Once in a while, I hear a customer story that is packed full of data rather than the more common stories that talk to vaguely defined benefits. Such was the case at Neptune Software's annual customer event where Fonterra, the world's fifth largest dairy producer talked about optimizing plant maintenance operations.
To give you an idea of scale, the Fonterra asset footprint is spread across 10,000 farms, plant maintenance consumes about $70 million in labor and a total of $225 million in R&M with an additional $150 million in capital investment to maintain the $15.6 billion asset base.
Dan 'Chuck' Norris, general manager engineering talked about the journey Fonterra has been on and how that translates to measurable benefit. He said:
A typically immature organization starts in the 25-30% labor utilization region and by refining process, you can get to around 38%. That's about operating discipline. The best practice benchmark is about 55% utilization but I wanted ot get to around 45% since 55% wasn't a strategic imperative. If you want to jump from the 38% to 45% you really need to have a pretty good core process in place first or otherwise, you're putting lipstick on a pig.
Check out how this works in Fonterra's world:
— ⒹⒺⓃ•Ⓗ ㋡ (@dahowlett) June 25, 2019
Norris moved on to discuss different methods of discovering ROI opportunities. In Fonterra's case, the company chose to shadow technicians, measuring across three metrics; tool time (productive), incidental but necessary activities and waste.
This helped us work out the frustrations, impediments, the good things and the bad things. What we ultimately want to achieve are improvements in the effective time the technician is adding value back to the asset (on which they're working,) while getting rid as much as possible of the wastes - the lean concept - but there are some things you're going to have to do in maintenance that are just pains in the arse such as managing your SAP system and permitting which you have to do when working in dangerous activities. So for example, 45 minutes of a day spent on data entry is a hell of an opportunity.
By the numbers
In the illustrated example, Norris discovered that following the pilot, savings of $3.08 million were achievable split up into $2,308 on rework, $3,193 on travel and $7,562 on SAP related admin tasks per technician per year.
These are the kinds of number that get the executives excited and bought into a Neptune project. It's not what you want to talk to the maintenance department about because in a unionized environment they think it means reduced headcount.

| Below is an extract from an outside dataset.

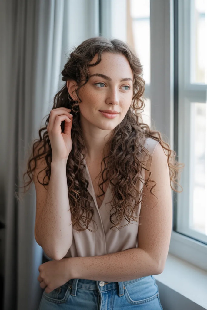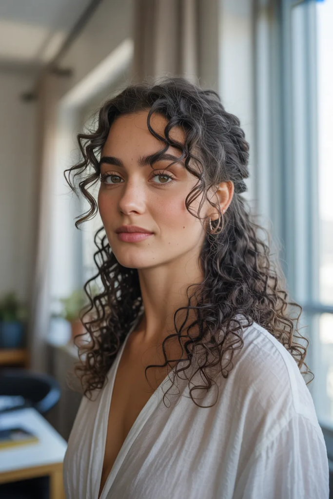 This timeless style is a favorite for a reason. It keeps your curls flowing freely while pulling just enough hair back to frame your face beautifully. The contrast between structure and softness creates a look that feels both effortless and polished.
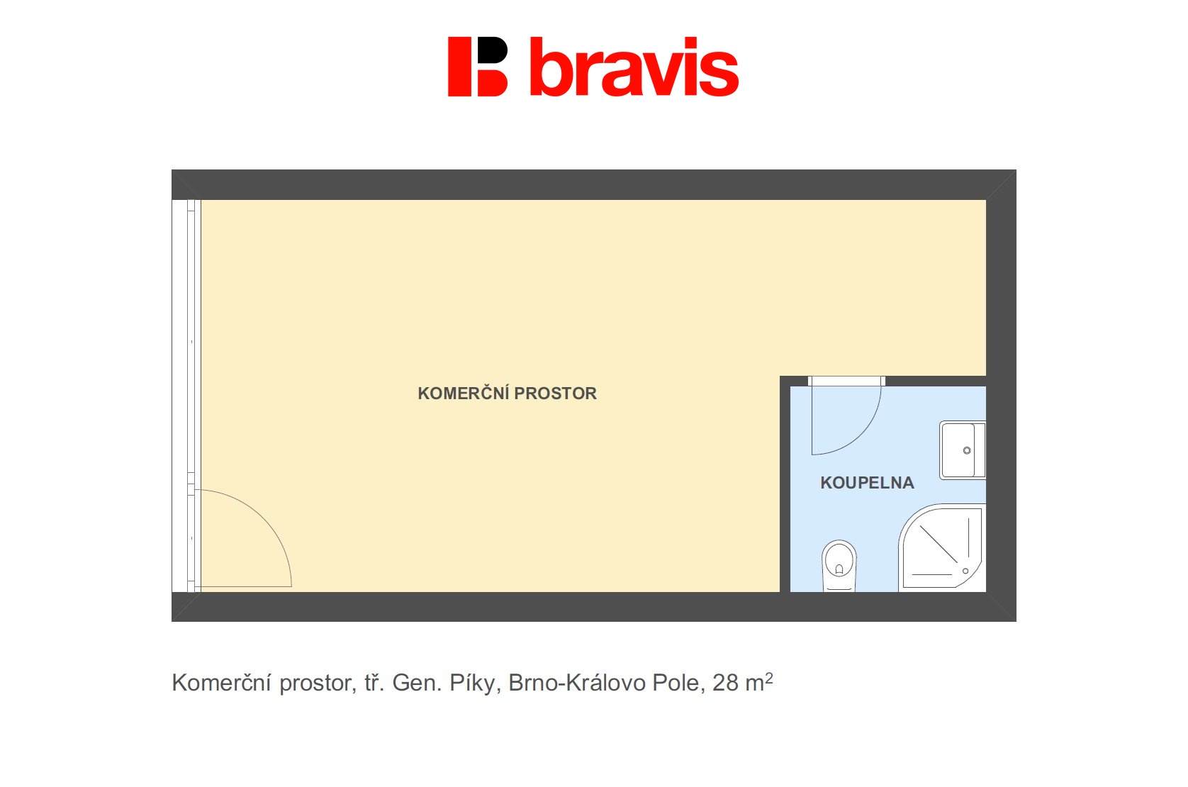 Pronájem obchodního prostoru 35 m2, Brno - Černá pole, ul. Tř.Generály Píky, s výlohou a park.stáním

In order to assess real-world effectiveness of the solution, Fonterra deployed a control group that didn't use the solution and then measured against environments where the solution was in place. This helped demonstrate the value potential over time. The amount of uplift in getting more work done gave Fonterra an immediate justification and reason for moving forward with the Neptune/BlueWorx solution.
Change happens - when you let it
But there were some other things that emerged along the way in the area of changed behavior.
You've got an extremely educated and unionized workforce who are taught how to ask why and typically maintenance people are one of the more difficult cultures to lead. Yet we had people logging into the app on a Sunday night, on their own device at home in their own time to look at what they had lined up for the following workforce. That's unheard of in my world. That's a phenomenal amount of change so a really good outcome beyond the dollars and cents, which for most engineering departments is what they really want. They don't want another app to go around collecting master data and updating their SAP system, they want people invested in what they're doing, the quality of the work they're doing in the execution space.
A manager who travels for 25 hours to deliver a 20-minute presentation has got skin in the game. Seeing not just data but obvious enthusiasm for a solution that delivers value which is organically changing the business without intervention is something unexpected, yet welcome.
More interestingly, Norris confessed to not being wholly conversant with Neptune but said that attending the event 'opened my eyes' to the potential for Planet 9.
As a side note, Norris mentioned that Fonterra is looking at protein and printed protein foodstuffs
We're not sitting around waiting for a Kodak moment when people move away from dairy...we're into the future of nutrition.
That will be interesting to follow in the months and years ahead.